RR Lyncis

Observation data Epoch J2000 Equinox ICRS
- Constellation: Lynx
- Right ascension: 06^{h} 26^{m} 25.837^{s}
- Declination: +56° 17′ 06.35″
- Apparent magnitude (V): 5.53

Characteristics
- Evolutionary stage: Main sequence
- Spectral type: kA3hA7VmF2 + F0 V
- B−V color index: 0.238±0.013
- Variable type: Detached Algol

Astrometry
- Radial velocity (R_{v}): −12.03±0.04 km/s
- Proper motion (μ): RA: −26.232 mas/yr Dec.: +21.881 mas/yr
- Parallax (π): 12.4161±0.0918 mas
- Distance: 263 ± 2 ly (80.5 ± 0.6 pc)
- Absolute magnitude (M_{V}): 1.16

Orbit
- Period (P): 9.945080±0.000059 d
- Semi-major axis (a): 29.32±0.04 R_{☉}
- Eccentricity (e): 0.0793±0.0009
- Inclination (i): 87.45±0.11°
- Periastron epoch (T): 2,453,334,634±0.017 HJD
- Argument of periastron (ω) (secondary): 179.4±0.6°
- Semi-amplitude (K_{1}) (primary): 65.65±0.06 km/s
- Semi-amplitude (K_{2}) (secondary): 83.92±0.17 km/s

Details

Primary
- Mass: 1.939±0.007 M_{☉}
- Radius: 2.564±0.019 R_{☉}
- Luminosity: 21.6 L_{☉}
- Surface gravity (log g): 3.9078±0.0063 cgs
- Temperature: 7,770±200 K
- Rotational velocity (v sin i): 14.6±1 km/s
- Age: 1.08±0.15 Gyr

Secondary
- Mass: 1.510±0.003 M_{☉}
- Radius: 1.613±0.013 R_{☉}
- Luminosity: 6.23 L_{☉}
- Surface gravity (log g): 4.2017±0.0071 cgs
- Temperature: 7,180±200 K
- Rotational velocity (v sin i): 11.3±2 km/s
- Other designations: RR Lyn, BD+56°1125, FK5 2491, GC 8281, HD 44691, HIP 30651, HR 2291, SAO 25731, Boss 1607, Groom 1149

Database references
- SIMBAD: data

= RR Lyncis =

Variable star in the constellation Lynx

RR Lyncis is a star system in the northern constellation of Lynx, abbreviated RR Lyn.
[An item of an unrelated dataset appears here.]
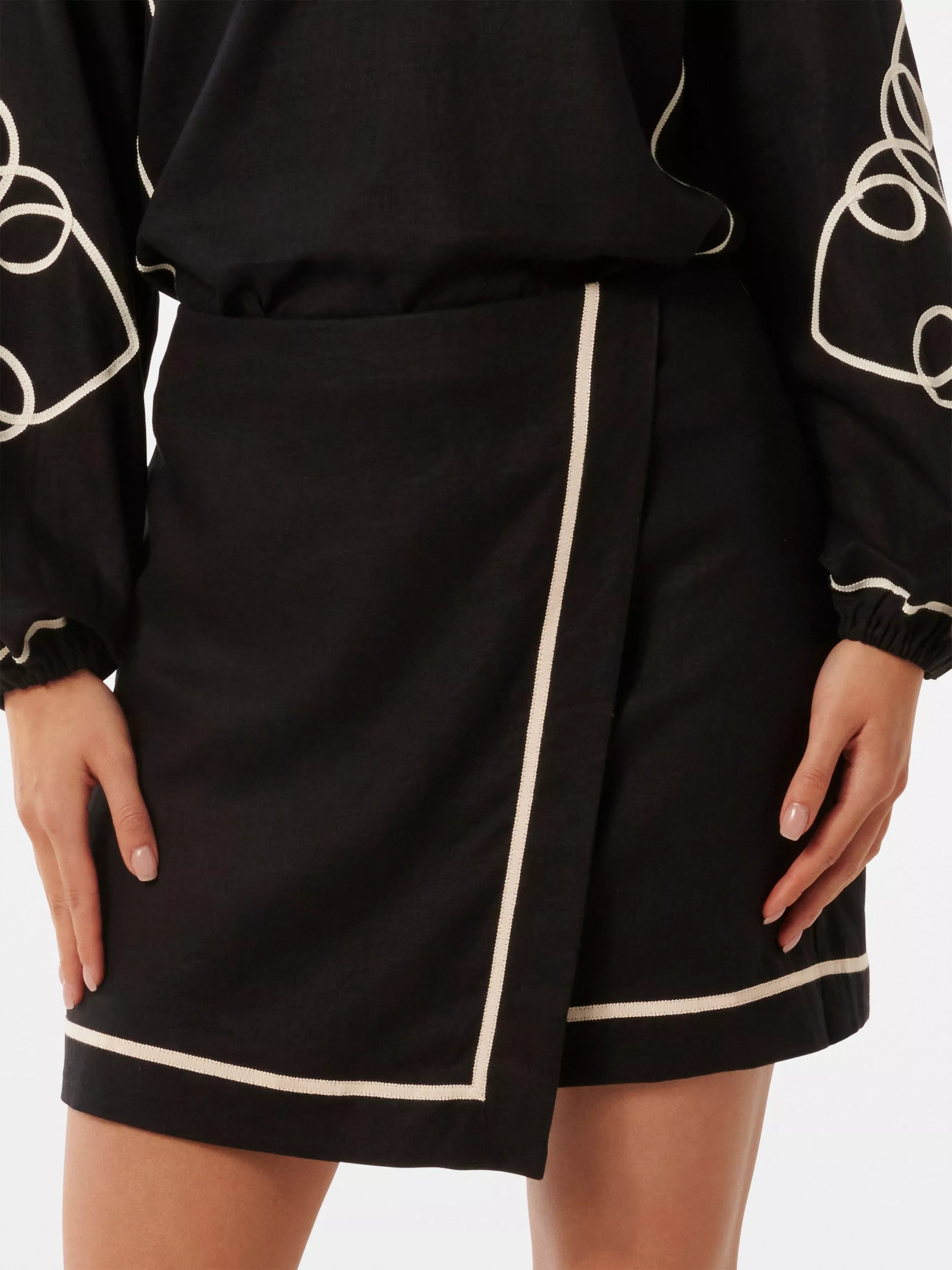 In an endlessly wearable A-line shape, this wrap mini skirt from Forever New is accented with a contrast applique border stripe.

It is an eclipsing binary of the Algol type; one of the closest in the northern sky at an estimated distance of approximately 263 light years based on parallax measurements. The system is faintly visible to the naked eye with a combined apparent visual magnitude of 5.53. During the primary eclipse the brightness drops to 6.03, while it decreases to magnitude 5.90 with the secondary eclipse. The system is drifting closer to the Sun with a radial velocity of −12 km/s.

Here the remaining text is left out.